> **What the task requires**: Repeat the records exactly. Leave out the pictures.

--

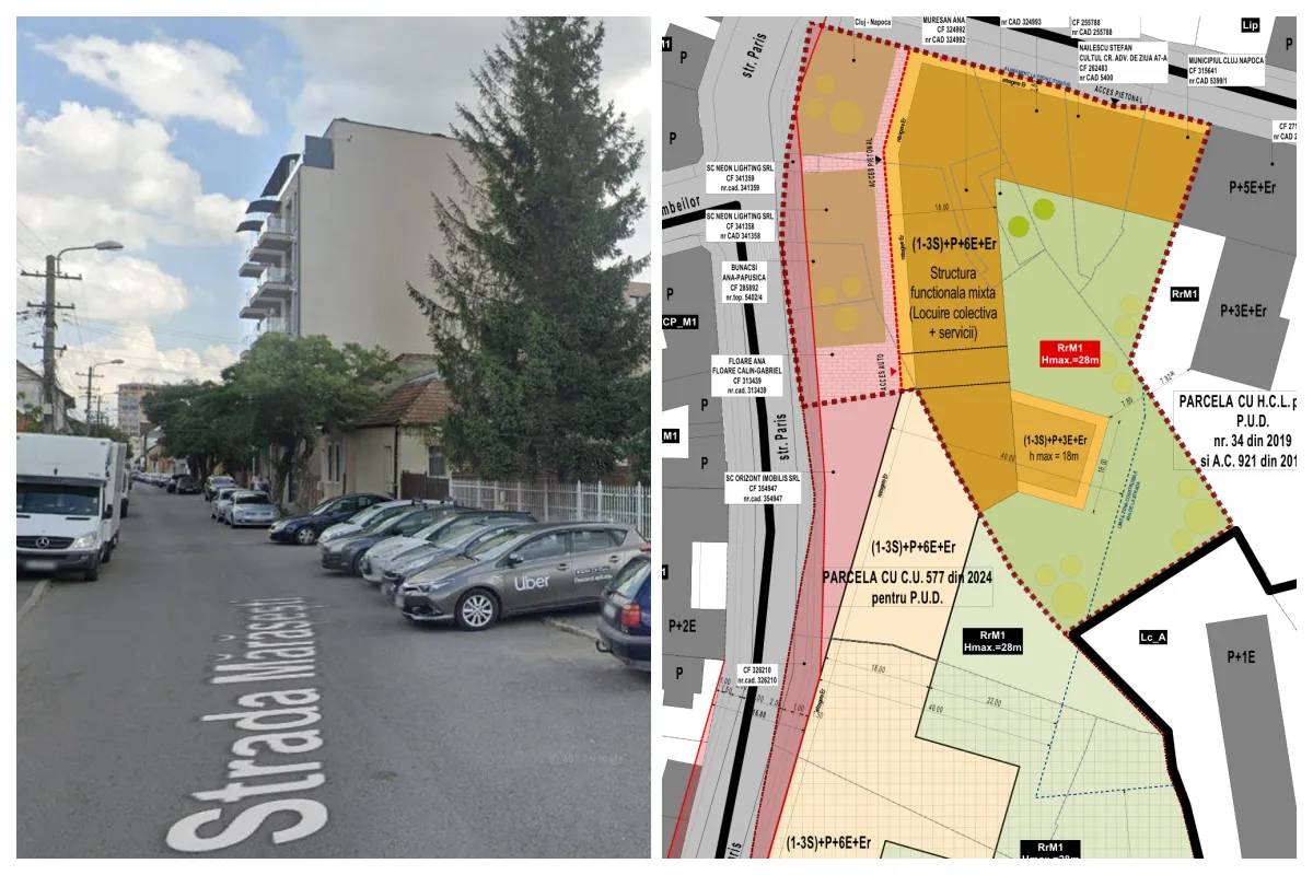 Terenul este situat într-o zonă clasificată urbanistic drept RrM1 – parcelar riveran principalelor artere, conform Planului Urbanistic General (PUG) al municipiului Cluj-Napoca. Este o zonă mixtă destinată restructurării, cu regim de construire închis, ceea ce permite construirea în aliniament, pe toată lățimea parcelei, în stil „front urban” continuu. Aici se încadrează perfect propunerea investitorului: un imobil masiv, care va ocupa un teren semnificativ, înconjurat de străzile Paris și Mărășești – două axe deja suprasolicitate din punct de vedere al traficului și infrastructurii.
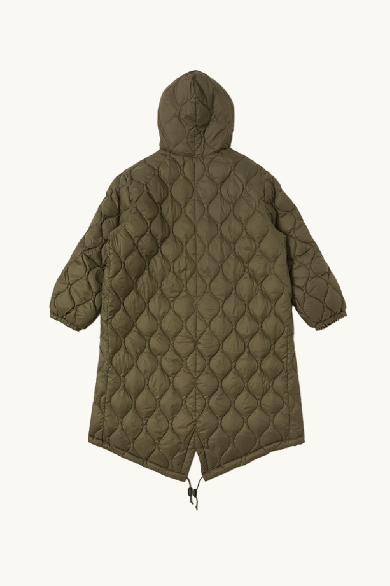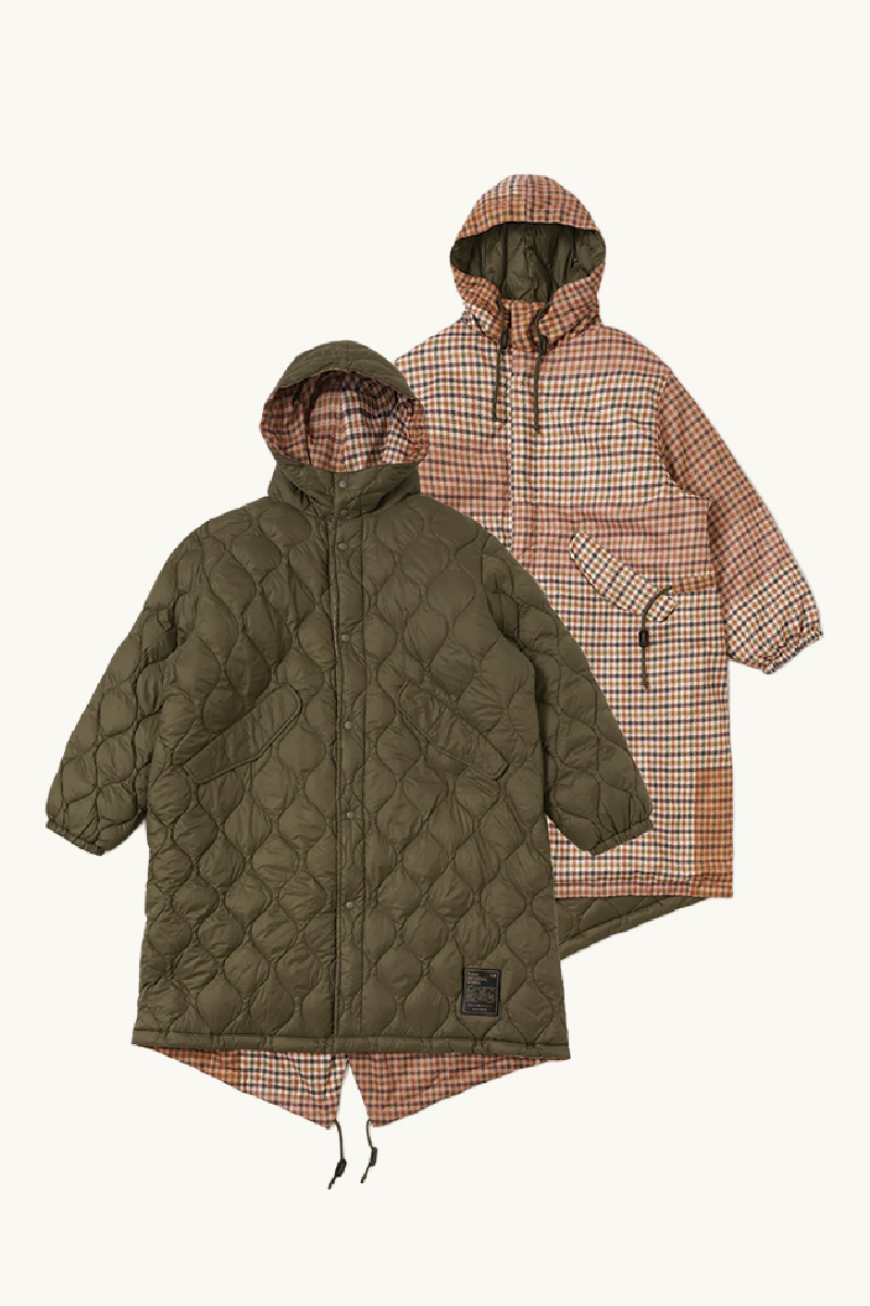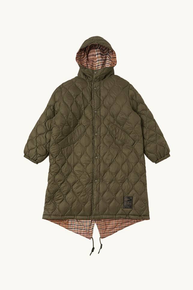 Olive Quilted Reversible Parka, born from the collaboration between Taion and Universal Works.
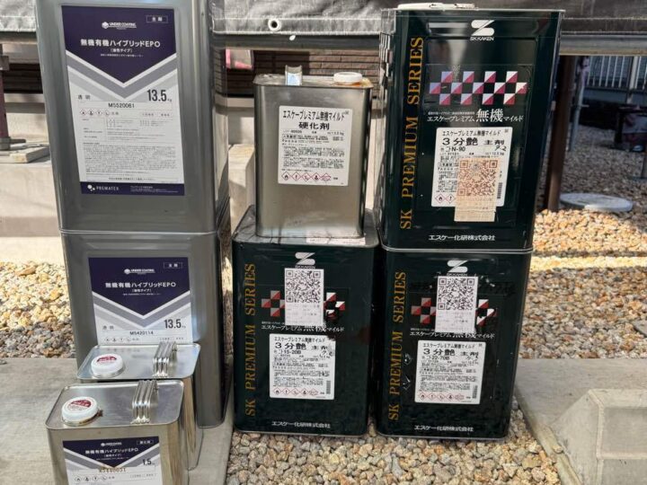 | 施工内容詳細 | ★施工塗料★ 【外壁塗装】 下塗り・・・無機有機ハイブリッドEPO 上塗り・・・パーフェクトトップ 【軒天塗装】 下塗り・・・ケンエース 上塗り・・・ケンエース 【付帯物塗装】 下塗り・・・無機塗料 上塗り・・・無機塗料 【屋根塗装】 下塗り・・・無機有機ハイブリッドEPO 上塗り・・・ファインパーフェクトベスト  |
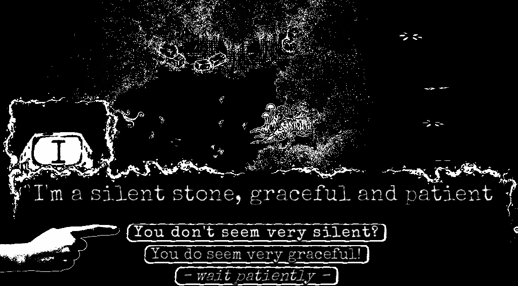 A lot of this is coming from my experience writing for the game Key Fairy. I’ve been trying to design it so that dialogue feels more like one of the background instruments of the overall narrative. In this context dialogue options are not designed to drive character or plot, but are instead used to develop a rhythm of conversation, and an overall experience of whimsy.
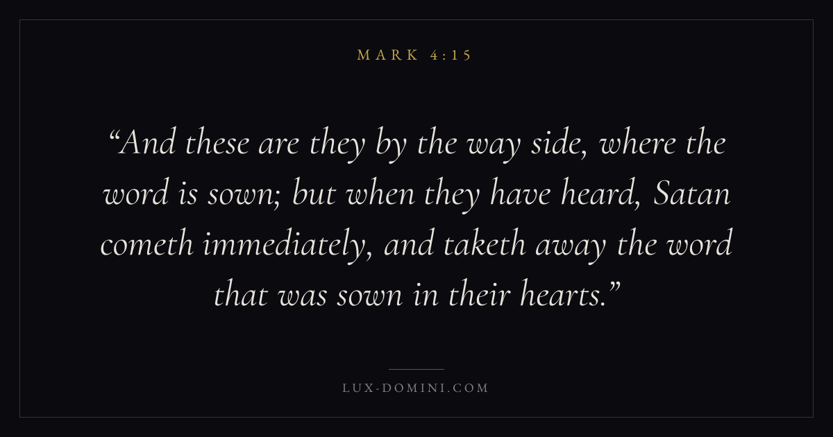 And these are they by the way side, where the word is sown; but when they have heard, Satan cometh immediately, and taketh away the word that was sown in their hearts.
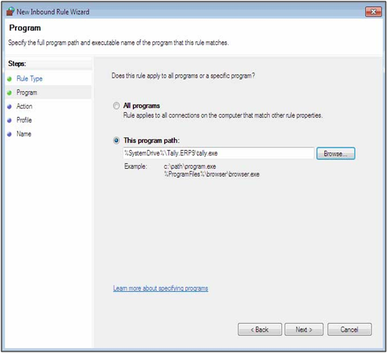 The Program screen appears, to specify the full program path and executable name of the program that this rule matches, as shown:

--

> **Response to the exercise**:
 Terenul este situat într-o zonă clasificată urbanistic drept RrM1 – parcelar riveran principalelor artere, conform Planului Urbanistic General (PUG) al municipiului Cluj-Napoca. Este o zonă mixtă destinată restructurării, cu regim de construire închis, ceea ce permite construirea în aliniament, pe toată lățimea parcelei, în stil „front urban” continuu. Aici se încadrează perfect propunerea investitorului: un imobil masiv, care va ocupa un teren semnificativ, înconjurat de străzile Paris și Mărășești – două axe deja suprasolicitate din punct de vedere al traficului și infrastructurii.
 Olive Quilted Reversible Parka, born from the collaboration between Taion and Universal Works.
 | 施工内容詳細 | ★施工塗料★ 【外壁塗装】 下塗り・・・無機有機ハイブリッドEPO 上塗り・・・パーフェクトトップ 【軒天塗装】 下塗り・・・ケンエース 上塗り・・・ケンエース 【付帯物塗装】 下塗り・・・無機塗料 上塗り・・・無機塗料 【屋根塗装】 下塗り・・・無機有機ハイブリッドEPO 上塗り・・・ファインパーフェクトベスト  |
 A lot of this is coming from my experience writing for the game Key Fairy. I’ve been trying to design it so that dialogue feels more like one of the background instruments of the overall narrative. In this context dialogue options are not designed to drive character or plot, but are instead used to develop a rhythm of conversation, and an overall experience of whimsy.
 And these are they by the way side, where the word is sown; but when they have heard, Satan cometh immediately, and taketh away the word that was sown in their hearts.
 The Program screen appears, to specify the full program path and executable name of the program that this rule matches, as shown:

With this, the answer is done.